[DATA UNDER STUDY]

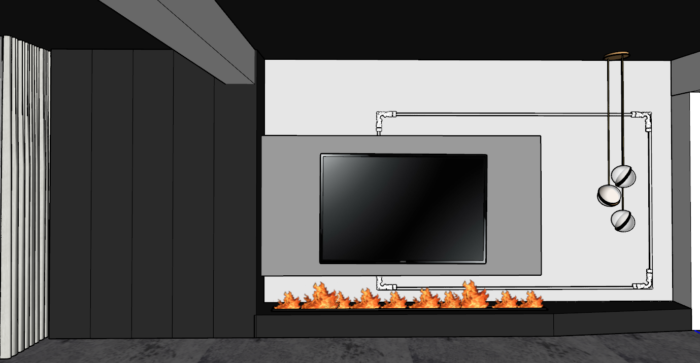 interior shot create an elegant living room tv wall design in modern manor but with elegant elements on the cabinet under the tv there in an open modern fireplace add textures and lamps and ambiental lights
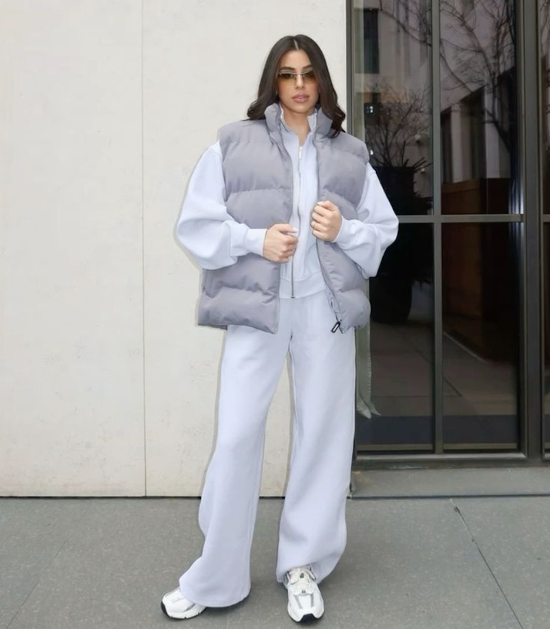 在選擇棉質運動套裝時,要盡量避開大面積的圖騰、浮誇的字體與亮片裝飾。純色系最能凸顯布料本身的質感與裁切的線條美,視覺上看起來會更加乾淨、純粹。黑色、灰色、米杏色等素色設計,不僅具有極高的搭配彈性,更會散發出一種低調、冷淡的奢華質感。當衣服的色彩變得簡約,焦點就會重新回到穿戴者的氣質與衣著的輪廓上,這正是「老錢風」穿搭中,看似毫不費力卻格外顯質感的核心關鍵。
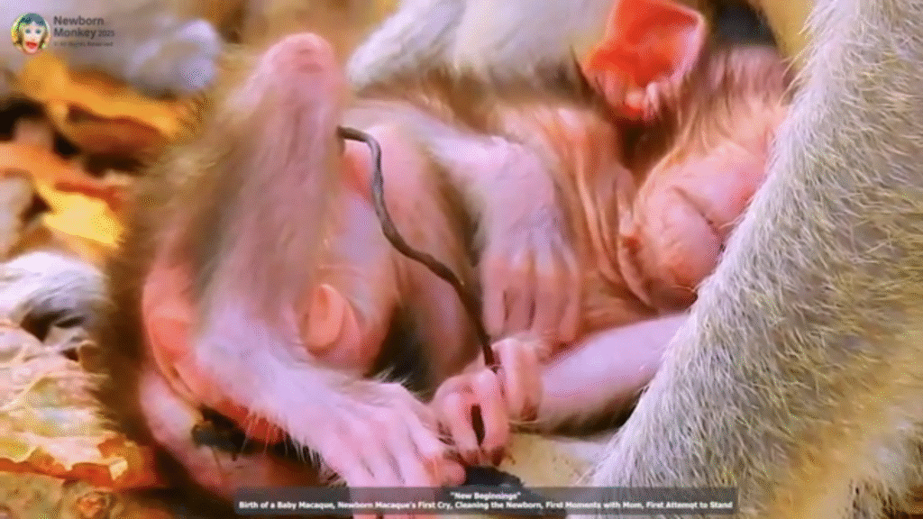 The first moments of life are always fragile, tender, and filled with emotions, and this is especially true for newborn baby monkeys. Right after birth, these tiny creatures look incredibly delicate, their bodies still wet from the delivery, their eyes often closed or only slightly open. Their limbs appear so small and weak, yet within them lies the instinct to cling tightly to their mother. This natural bond forms instantly, as the baby monkey searches for warmth, protection, and the comfort of its mother’s heartbeat.
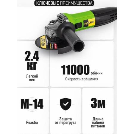 PROCRAFT Углошлифовальная машина болгарка УШМ сетевая 125 мм PW1100
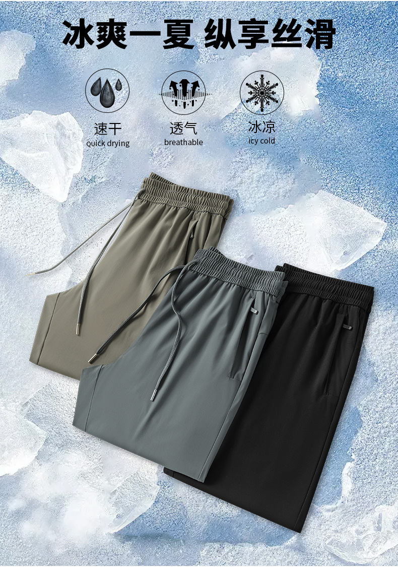 나노그리드 아이스 실크 팬츠 여름 얇은 통기성 대형 남녀 공용 캐주얼 스포츠 팬츠 공장 도매 비즈니스 캐주얼
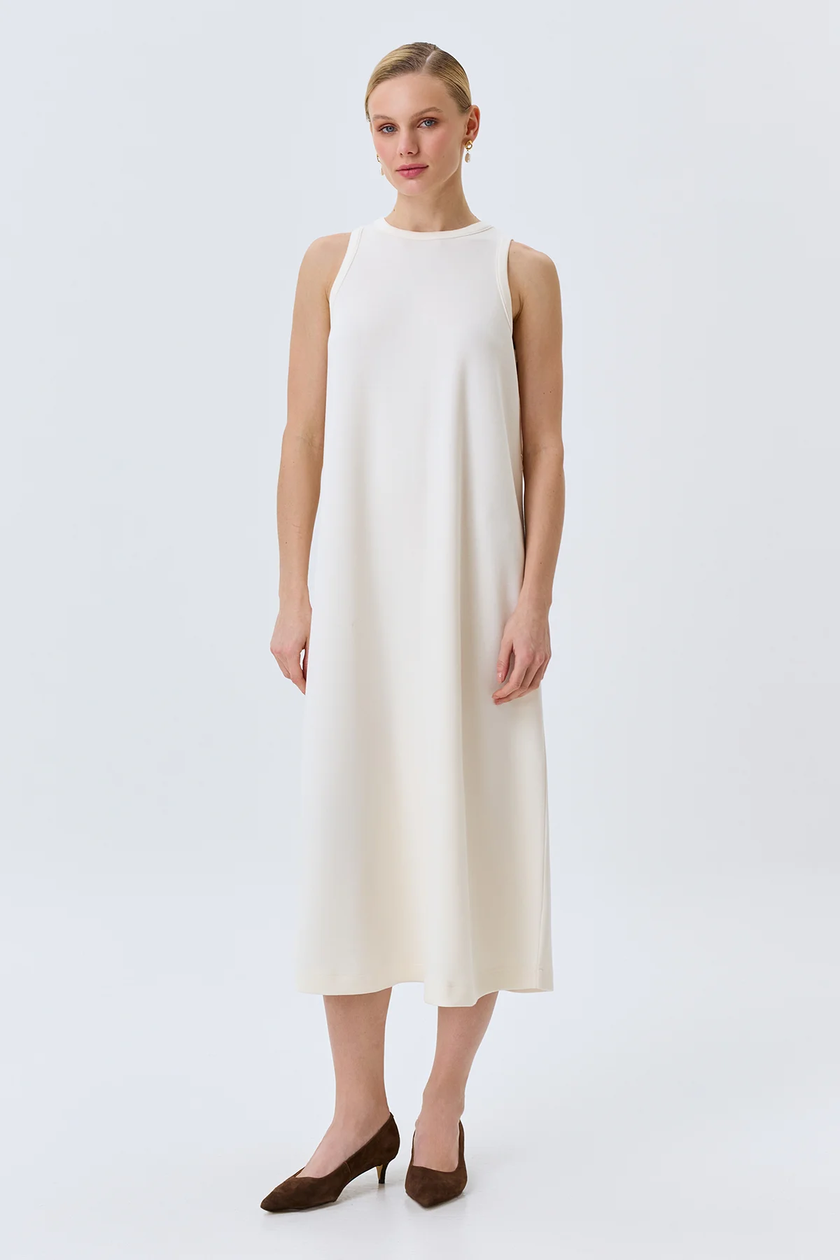 Трикотажное платье-макси с поясом, 46
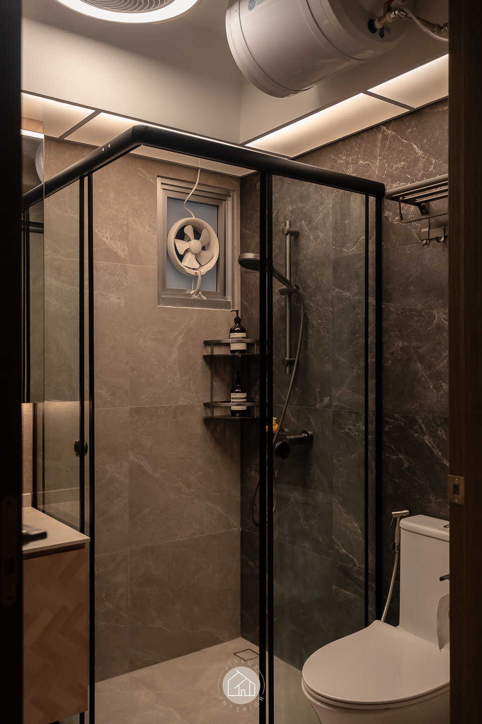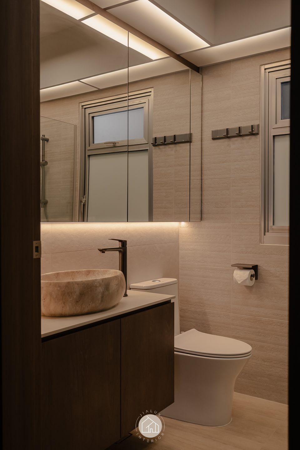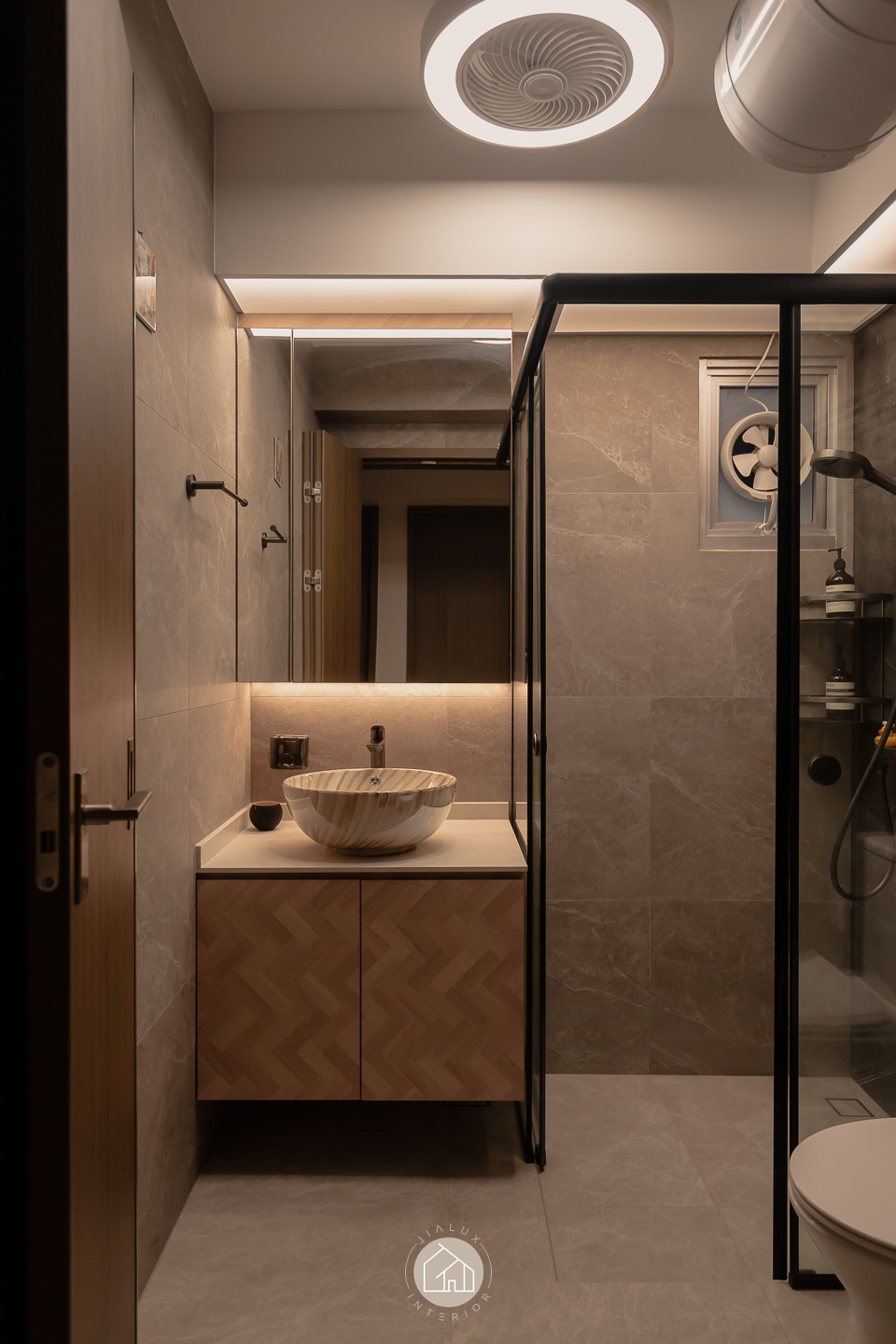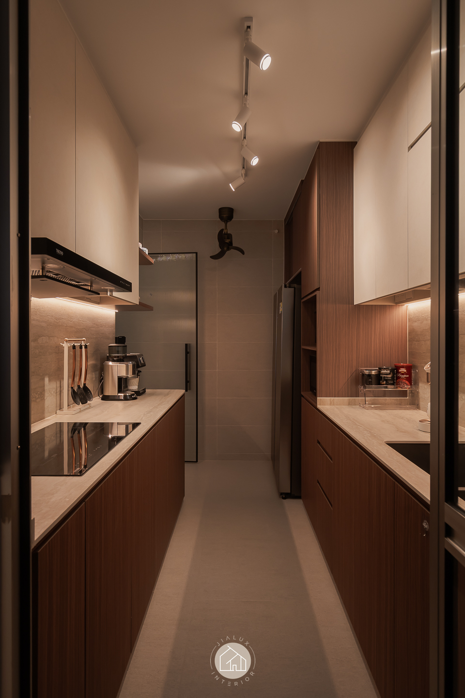 In the living and dining area, full-height cabinetry and a streamlined TV feature wall create a tidy focal point, paired with fluted detailing and understated décor. Curved ceiling profiles with cove lighting soften the space, while sheer curtains filter daylight for a relaxed ambience. The arched display niche adds character without clutter, and the bedrooms carry through the same palette with integrated storage and warm backlighting for a restful finish.

[/DATA UNDER STUDY]

» **GOAL OF THE EXERCISE**
The records are to be duplicated in full and exactly, with images left out.

» **TASK SOLUTION**
 interior shot create an elegant living room tv wall design in modern manor but with elegant elements on the cabinet under the tv there in an open modern fireplace add textures and lamps and ambiental lights
 在選擇棉質運動套裝時,要盡量避開大面積的圖騰、浮誇的字體與亮片裝飾。純色系最能凸顯布料本身的質感與裁切的線條美,視覺上看起來會更加乾淨、純粹。黑色、灰色、米杏色等素色設計,不僅具有極高的搭配彈性,更會散發出一種低調、冷淡的奢華質感。當衣服的色彩變得簡約,焦點就會重新回到穿戴者的氣質與衣著的輪廓上,這正是「老錢風」穿搭中,看似毫不費力卻格外顯質感的核心關鍵。
 The first moments of life are always fragile, tender, and filled with emotions, and this is especially true for newborn baby monkeys. Right after birth, these tiny creatures look incredibly delicate, their bodies still wet from the delivery, their eyes often closed or only slightly open. Their limbs appear so small and weak, yet within them lies the instinct to cling tightly to their mother. This natural bond forms instantly, as the baby monkey searches for warmth, protection, and the comfort of its mother’s heartbeat.
 PROCRAFT Углошлифовальная машина болгарка УШМ сетевая 125 мм PW1100
 나노그리드 아이스 실크 팬츠 여름 얇은 통기성 대형 남녀 공용 캐주얼 스포츠 팬츠 공장 도매 비즈니스 캐주얼
 Трикотажное платье-макси с поясом, 46
 In the living and dining area, full-height cabinetry and a streamlined TV feature wall create a tidy focal point, paired with fluted detailing and understated décor. Curved ceiling profiles with cove lighting soften the space, while sheer curtains filter daylight for a relaxed ambience. The arched display niche adds character without clutter, and the bedrooms carry through the same palette with integrated storage and warm backlighting for a restful finish.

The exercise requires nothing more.